# Auto sleeper symphony power steering rack



## gazaa (Jan 27, 2010)

my autosleeper symphony (1993) has just failed its mot on a leaky power steering rack, anyone know where I might lay my hands on one these or if its possible to get them reconditioned? I am in the manchester area. thanks


----------



## JohnsCrossMotorHomes (Jul 21, 2007)

Try Delfin Designs in Poole http://www.delfindesigns.co.uk/

They specilaise in older Fiats and Peugots and do mail order
Peter


----------



## JohnsCrossMotorHomes (Jul 21, 2007)

Try Delfin Designs in Poole http://www.delfindesigns.co.uk/

They specilaise in older Fiats and Peugots and do mail order
Peter


----------



## annetony (May 1, 2005)

Or you could try Mike at no 1 gear http://www.no1gear.com/

he has lots of stuff for the older vans, we have had quite a bit off him, and what he doesn't know about the vans isn't worth knowing.

Anne


----------



## gazaa (Jan 27, 2010)

Thanks for the replies much appreciated.
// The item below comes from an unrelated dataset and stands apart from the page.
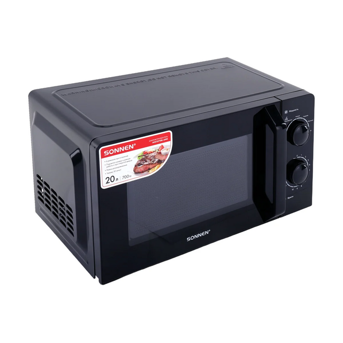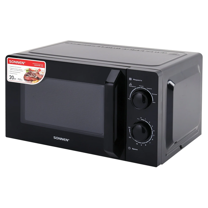 Микроволновая печь SONNEN MW2070BL-6MB, 20л, 700Вт, таймер, механическое управление, ручка, черная

Have looked at the websites suggested and it appears these are quite rare and hugely expensive (£1000 without fitting). Was wondering if anyone knew of any mechanics / garages in the north west area that work on these vans, as am considering having it replaced with non power steering as I believe these racks can be bought for a couple of hundred thats if I cant have the existing one reconditioned. Failing that are there any decent express mechanics/garages anywhere in uk, cannot get hold of delfin designs no one answering the phone. Thanks again.


----------



## paulmold (Apr 2, 2009)

There is a firm in Chester that recondition racks called Autosteer Direct, 01244 638738 if that's any use to you.


----------